Thursday, February 25, 2010

I want my ANG POW you crazy soap junkie BAT !... con't


Idiot: I need You to fire Alfred for me!

M.T: Are you out of your mind

Idiot: he is really old, he is forgetful, slow, extremely rude and lets face it, his cooking is bad to worst.

MT: I am not going to fire your Dad from a job that doesn't even exist! Anyways if its so important to you. Why don't you do it, after all he is your butler.

Idiot: I did, I mean I tried but nothing sink in you know.

M.T: What he say?

Idiot: he said "F ** K You". I mean how rude is that! He's suppose to be my humble servant. He gets very vulgar lately and super grumpy. His glory days are over. He needs to be fired, either that or I have to put him to sleep.

MT: You cant do that, I have not collected my ang pow money yet.

Idiot: You know what, you are a SIMPLE person. Shame on you. Anyways I have taken the Ang Pow for you and will give it when I think you are worthy of it.

MT: I have 1 thing to say. Words from a wise butler. F ** k You! Give me my Ang Pow or else! Anyways go away now, its time for my soap. Deal with you later.

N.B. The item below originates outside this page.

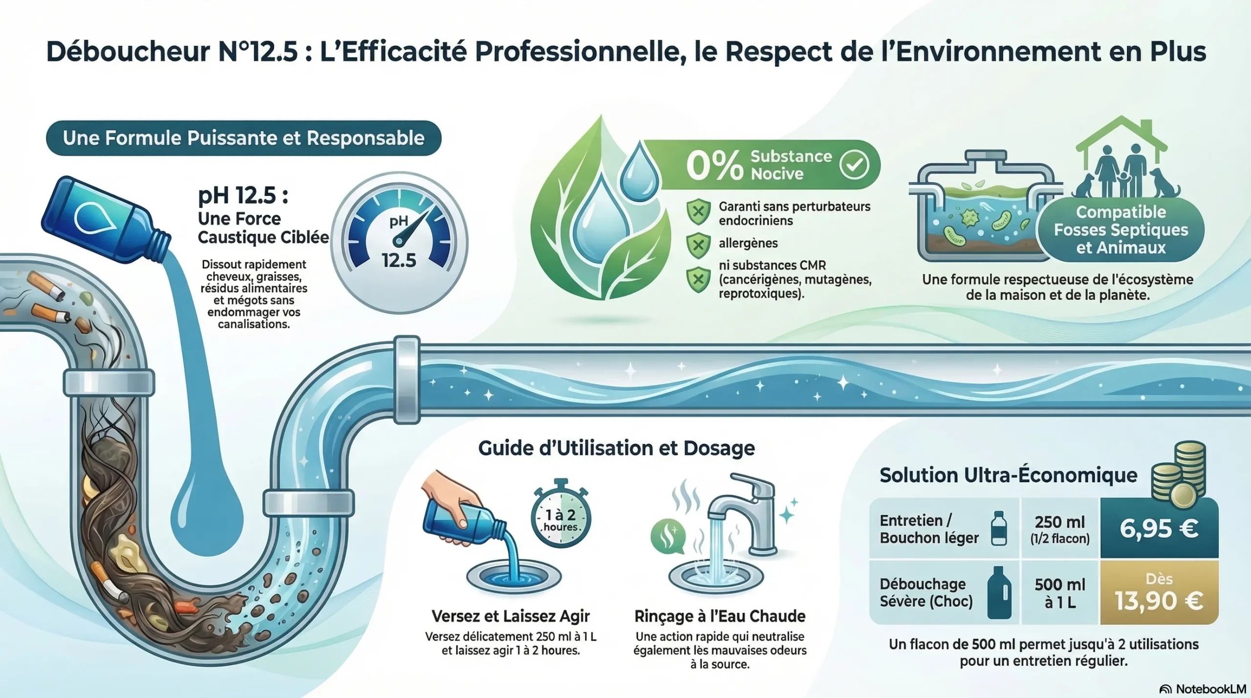 Puissance de la Formule : je me suis assurée que notre déboucheur élimine rapidement les blocages organiques tout en neutralisant les odeurs à la source.

Idiot: oh god ya almost forgot, Tracy just had the baby. You think Oliver will ever find out the baby is his?

MT: Not yet. They will drag the Mitch Lawrence story for a while now. They have dragged the snow storm for 2 wks now. Crap I miss my fav couple.

Idiot: Ya I miss christian and layla.

MT: OK ... you creeping me out, you are a big soap junkie for a guy you know that rite?

Idiot: yes I do and I am proud of it, so if you will excuse me I need to wax my legs, trim my eyebrows and find out if John gets caught for sleeping with Natalie. That bastard John how can he break Marty, s heart!

Wednesday, February 17, 2010

Batman never grows up (part1)


M.T: So I heard there might be wedding bells ...

idiot: I love weddings ... food, drinks and lonely single chicks! So who r we talking abt?

MT: YOU! Idiot. Rumor has it someone has your balls in her palm.

idiot: That my dear maybe true but there is no Weddings for sure.

M.T: why not? She is perfect.

idiot: exactly ... Perfect. I don't do Perfect. Perfect creeps me out. I love the crazy ones!

MT: Than why are you wasting her time you moron?

idiot: Because ... I am simply taking a break from the crazy ones, everyone deserves a break now and than rite?

M.T: Why are you so afraid of commitment?

idiot: I AM NOT AFRAID OF ANYTHING! it just doesn't fit my profile.

M.T: what profile?

idiot: Hey that's what she said. So it was time ... it was time to reveal my secret. A secret that I have been burdened with all my life. A secret I have trusted only a few to know. A secret that you were the 1st to know. Which you have guarded with your life and never shared with anyone, since I told you when we were kids.

MT: OH GOD, Pls don't tell me you told her that?! Oh No. FYI I never told anyone because its STUPID!

idiot: Yes. I told her I was BATMAN.

M.T: What she say?

idiot: well 1st she sat there blankly, than she said if I wanted to break up with her at least I could have come up with something better like I was gay or something. Than she kicked me on my Knee and called me a Loser and walked off.

MT: That's it? The knee? She could have at least aimed higher. So what you gonna do?

idiot: what can I do, there is no place for commitments etc ... for a man like me. I am a creature of the nite. AND don't you judge me! It's not who I am underneath, but who I do defines me.

M.T: you mean 'what I do'

idiot: No. 'Who I do'

M.T: You are really an IDIOT!!!

idiot: Hey you encouraged the whole millionaire / crime fighter / bachelor profiling in the beginning!
M.T: For Christ sake. I WAS 12 YOU MORON!